* [GOAL OF THE EXERCISE] I need the lines from the one containing "Жакардовите кошници на" through the last line of the entries retyped exactly, with no pictures among them.

** Opening THE DATA block **

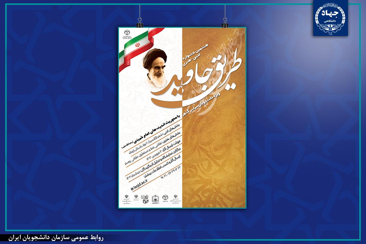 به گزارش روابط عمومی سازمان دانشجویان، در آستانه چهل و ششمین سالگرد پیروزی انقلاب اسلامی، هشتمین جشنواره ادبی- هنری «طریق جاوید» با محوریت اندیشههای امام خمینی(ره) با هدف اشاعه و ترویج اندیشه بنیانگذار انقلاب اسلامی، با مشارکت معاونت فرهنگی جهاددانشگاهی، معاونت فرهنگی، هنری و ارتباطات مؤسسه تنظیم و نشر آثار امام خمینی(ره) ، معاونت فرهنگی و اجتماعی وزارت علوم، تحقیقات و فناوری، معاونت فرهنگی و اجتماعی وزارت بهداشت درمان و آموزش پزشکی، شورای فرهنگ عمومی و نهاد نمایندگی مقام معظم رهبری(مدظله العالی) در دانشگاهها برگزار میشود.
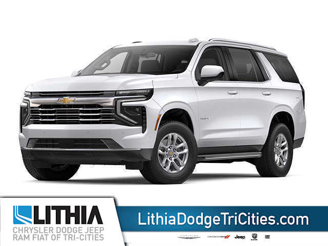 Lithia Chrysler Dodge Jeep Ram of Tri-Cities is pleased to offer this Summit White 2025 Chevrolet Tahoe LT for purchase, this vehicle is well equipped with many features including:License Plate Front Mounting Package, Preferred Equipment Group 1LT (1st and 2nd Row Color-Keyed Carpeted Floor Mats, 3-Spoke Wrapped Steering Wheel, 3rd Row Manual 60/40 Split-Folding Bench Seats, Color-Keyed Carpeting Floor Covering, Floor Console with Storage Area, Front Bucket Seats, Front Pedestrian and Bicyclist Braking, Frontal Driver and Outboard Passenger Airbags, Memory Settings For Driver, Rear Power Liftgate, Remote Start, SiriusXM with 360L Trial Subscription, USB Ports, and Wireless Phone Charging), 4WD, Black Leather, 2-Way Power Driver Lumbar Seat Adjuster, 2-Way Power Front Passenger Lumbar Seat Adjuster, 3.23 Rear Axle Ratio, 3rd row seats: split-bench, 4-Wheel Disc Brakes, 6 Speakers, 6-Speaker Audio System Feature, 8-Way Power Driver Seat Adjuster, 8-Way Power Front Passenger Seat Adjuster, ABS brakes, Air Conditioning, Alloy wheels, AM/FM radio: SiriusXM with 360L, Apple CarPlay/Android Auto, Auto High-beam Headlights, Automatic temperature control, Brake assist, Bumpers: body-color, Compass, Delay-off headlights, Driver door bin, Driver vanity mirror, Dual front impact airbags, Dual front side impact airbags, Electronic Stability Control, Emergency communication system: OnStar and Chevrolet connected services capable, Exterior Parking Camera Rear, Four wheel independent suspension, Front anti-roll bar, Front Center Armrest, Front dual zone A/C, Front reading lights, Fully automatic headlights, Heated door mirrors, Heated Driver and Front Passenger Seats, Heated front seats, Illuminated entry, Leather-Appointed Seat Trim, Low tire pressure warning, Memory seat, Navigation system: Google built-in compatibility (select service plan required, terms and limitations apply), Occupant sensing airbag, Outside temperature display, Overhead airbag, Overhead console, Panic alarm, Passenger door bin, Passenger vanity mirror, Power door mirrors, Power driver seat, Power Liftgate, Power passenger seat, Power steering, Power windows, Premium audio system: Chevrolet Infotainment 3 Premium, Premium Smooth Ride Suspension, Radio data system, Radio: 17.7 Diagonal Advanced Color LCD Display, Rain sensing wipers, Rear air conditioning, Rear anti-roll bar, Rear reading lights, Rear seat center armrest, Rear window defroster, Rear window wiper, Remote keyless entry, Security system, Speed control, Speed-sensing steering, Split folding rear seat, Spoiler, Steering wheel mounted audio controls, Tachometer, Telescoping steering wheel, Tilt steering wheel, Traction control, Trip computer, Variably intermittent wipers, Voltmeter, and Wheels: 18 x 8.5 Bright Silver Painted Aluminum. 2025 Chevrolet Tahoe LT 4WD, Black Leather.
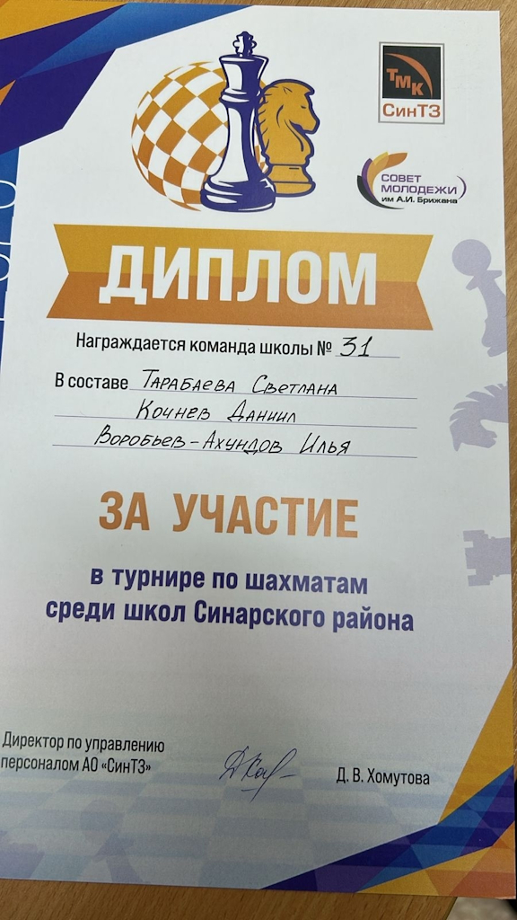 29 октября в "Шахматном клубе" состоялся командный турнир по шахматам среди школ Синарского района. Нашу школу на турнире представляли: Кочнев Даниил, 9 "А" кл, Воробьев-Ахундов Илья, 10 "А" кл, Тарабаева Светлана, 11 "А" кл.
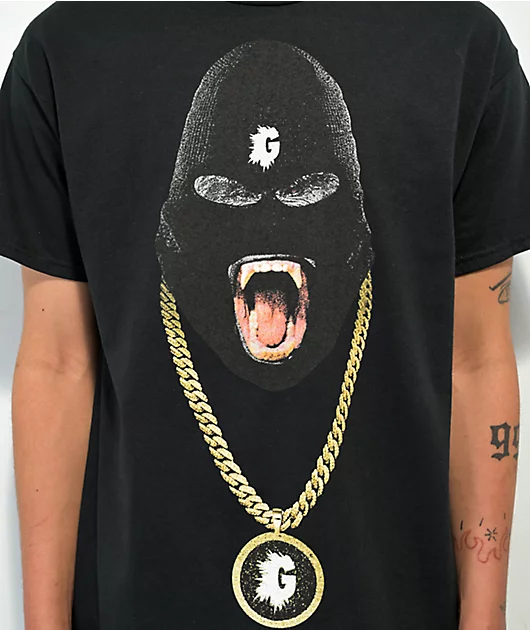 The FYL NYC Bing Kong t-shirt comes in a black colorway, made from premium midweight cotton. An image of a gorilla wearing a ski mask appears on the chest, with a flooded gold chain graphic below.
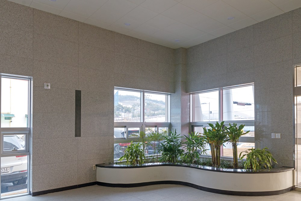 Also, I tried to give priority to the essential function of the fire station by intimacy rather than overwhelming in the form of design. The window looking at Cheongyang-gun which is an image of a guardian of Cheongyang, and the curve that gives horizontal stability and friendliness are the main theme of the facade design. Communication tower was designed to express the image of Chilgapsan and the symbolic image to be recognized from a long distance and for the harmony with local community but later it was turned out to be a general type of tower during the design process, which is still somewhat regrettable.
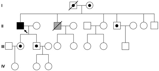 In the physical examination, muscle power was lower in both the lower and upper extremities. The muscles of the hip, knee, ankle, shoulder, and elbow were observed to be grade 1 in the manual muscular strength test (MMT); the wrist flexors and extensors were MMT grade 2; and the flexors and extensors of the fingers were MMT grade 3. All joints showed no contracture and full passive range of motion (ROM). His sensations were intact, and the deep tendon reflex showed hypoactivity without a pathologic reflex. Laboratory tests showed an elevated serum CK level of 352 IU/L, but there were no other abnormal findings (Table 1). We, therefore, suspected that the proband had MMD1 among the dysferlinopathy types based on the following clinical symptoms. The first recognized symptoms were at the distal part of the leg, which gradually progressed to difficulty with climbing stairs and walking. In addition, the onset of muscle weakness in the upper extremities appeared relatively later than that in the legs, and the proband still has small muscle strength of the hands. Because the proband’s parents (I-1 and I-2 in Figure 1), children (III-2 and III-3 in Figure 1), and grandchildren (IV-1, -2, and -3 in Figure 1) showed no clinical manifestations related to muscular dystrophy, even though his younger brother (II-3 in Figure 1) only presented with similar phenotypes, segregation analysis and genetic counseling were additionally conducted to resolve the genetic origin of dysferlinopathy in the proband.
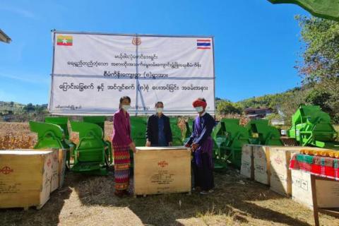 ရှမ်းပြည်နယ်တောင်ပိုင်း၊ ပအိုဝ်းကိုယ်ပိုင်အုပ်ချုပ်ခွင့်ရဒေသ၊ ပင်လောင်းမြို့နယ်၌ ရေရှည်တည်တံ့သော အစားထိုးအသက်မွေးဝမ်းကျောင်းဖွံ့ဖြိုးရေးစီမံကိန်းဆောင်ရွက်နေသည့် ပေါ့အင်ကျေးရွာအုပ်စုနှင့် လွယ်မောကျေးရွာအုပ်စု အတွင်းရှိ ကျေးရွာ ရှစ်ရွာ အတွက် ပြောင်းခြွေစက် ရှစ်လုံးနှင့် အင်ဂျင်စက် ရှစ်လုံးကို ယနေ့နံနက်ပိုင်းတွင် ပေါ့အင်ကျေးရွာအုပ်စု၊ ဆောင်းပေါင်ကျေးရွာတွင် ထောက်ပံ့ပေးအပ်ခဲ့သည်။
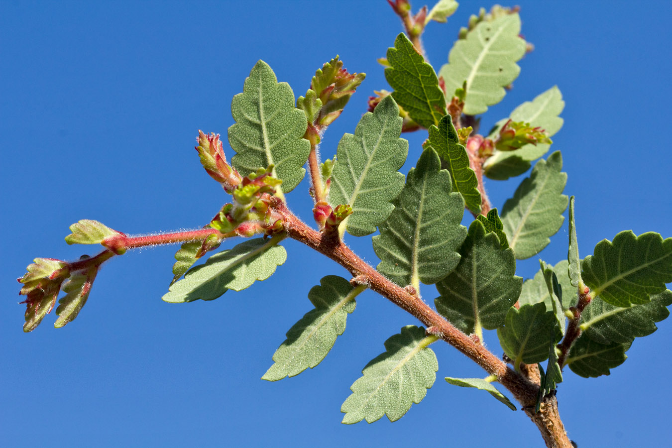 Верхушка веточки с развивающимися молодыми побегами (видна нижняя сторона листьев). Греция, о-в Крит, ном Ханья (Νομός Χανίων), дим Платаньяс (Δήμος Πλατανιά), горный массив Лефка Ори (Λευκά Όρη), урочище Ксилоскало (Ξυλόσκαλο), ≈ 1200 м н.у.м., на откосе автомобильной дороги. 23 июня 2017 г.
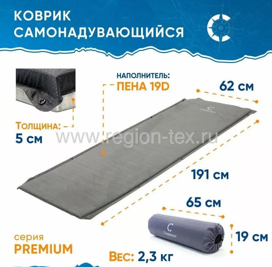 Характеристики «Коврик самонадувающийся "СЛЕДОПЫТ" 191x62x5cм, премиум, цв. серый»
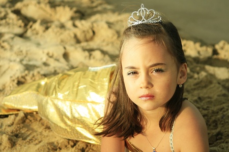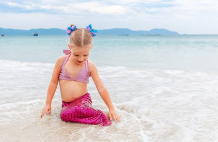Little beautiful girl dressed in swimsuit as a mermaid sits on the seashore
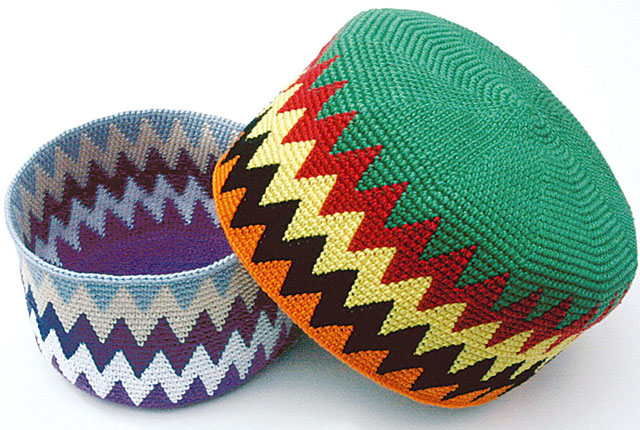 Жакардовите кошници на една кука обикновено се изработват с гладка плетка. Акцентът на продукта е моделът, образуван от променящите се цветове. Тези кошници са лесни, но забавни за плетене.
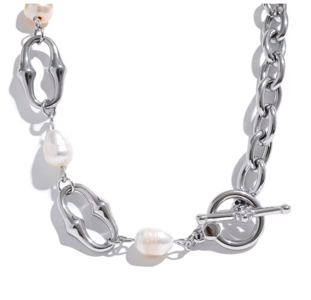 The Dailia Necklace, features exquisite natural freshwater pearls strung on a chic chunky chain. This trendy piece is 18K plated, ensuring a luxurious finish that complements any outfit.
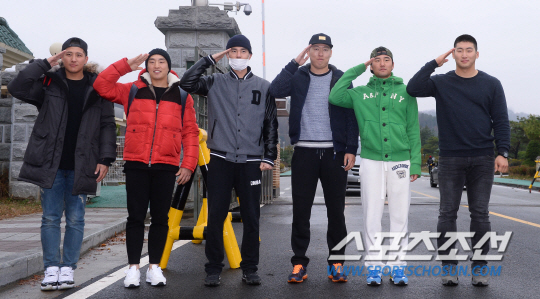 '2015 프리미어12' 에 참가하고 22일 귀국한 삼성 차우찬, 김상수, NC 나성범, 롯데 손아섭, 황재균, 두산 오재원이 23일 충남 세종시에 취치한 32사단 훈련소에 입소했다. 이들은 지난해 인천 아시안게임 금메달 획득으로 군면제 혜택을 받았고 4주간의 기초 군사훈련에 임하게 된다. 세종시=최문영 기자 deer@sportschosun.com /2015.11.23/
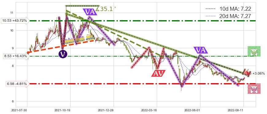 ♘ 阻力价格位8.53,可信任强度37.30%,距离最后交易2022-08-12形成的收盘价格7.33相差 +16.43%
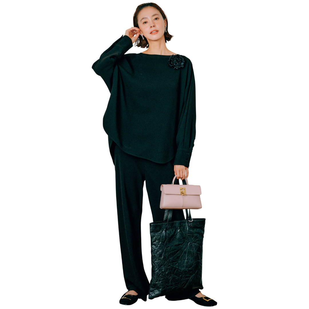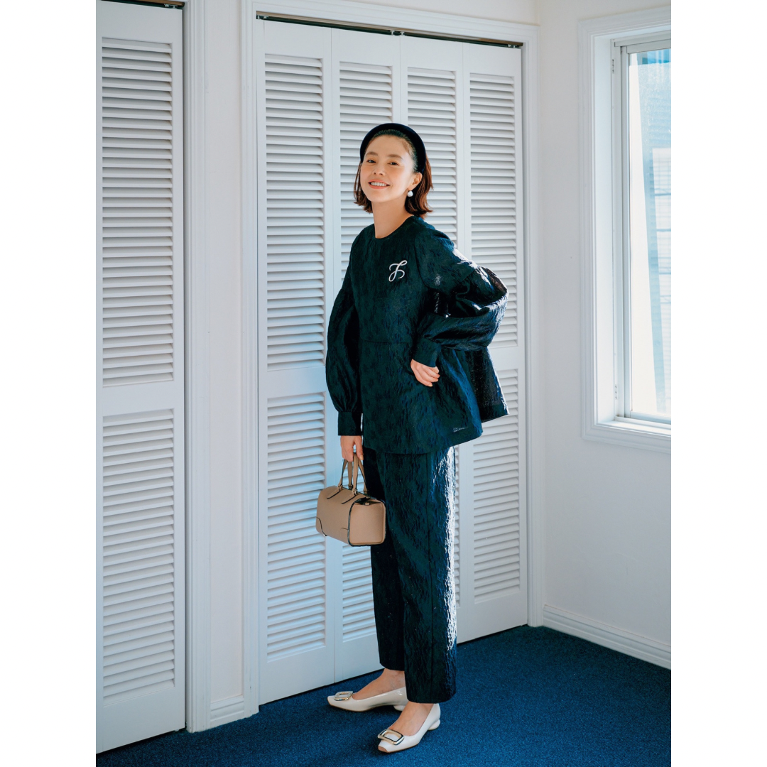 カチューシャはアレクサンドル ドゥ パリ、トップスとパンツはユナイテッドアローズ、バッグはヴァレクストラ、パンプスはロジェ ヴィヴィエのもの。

** Closing THE DATA block **

* [RESULT OF THE EXERCISE]
 Жакардовите кошници на една кука обикновено се изработват с гладка плетка. Акцентът на продукта е моделът, образуван от променящите се цветове. Тези кошници са лесни, но забавни за плетене.
 The Dailia Necklace, features exquisite natural freshwater pearls strung on a chic chunky chain. This trendy piece is 18K plated, ensuring a luxurious finish that complements any outfit.
 '2015 프리미어12' 에 참가하고 22일 귀국한 삼성 차우찬, 김상수, NC 나성범, 롯데 손아섭, 황재균, 두산 오재원이 23일 충남 세종시에 취치한 32사단 훈련소에 입소했다. 이들은 지난해 인천 아시안게임 금메달 획득으로 군면제 혜택을 받았고 4주간의 기초 군사훈련에 임하게 된다. 세종시=최문영 기자 deer@sportschosun.com /2015.11.23/
 ♘ 阻力价格位8.53,可信任强度37.30%,距离最后交易2022-08-12形成的收盘价格7.33相差 +16.43%
 カチューシャはアレクサンドル ドゥ パリ、トップスとパンツはユナイテッドアローズ、バッグはヴァレクストラ、パンプスはロジェ ヴィヴィエのもの。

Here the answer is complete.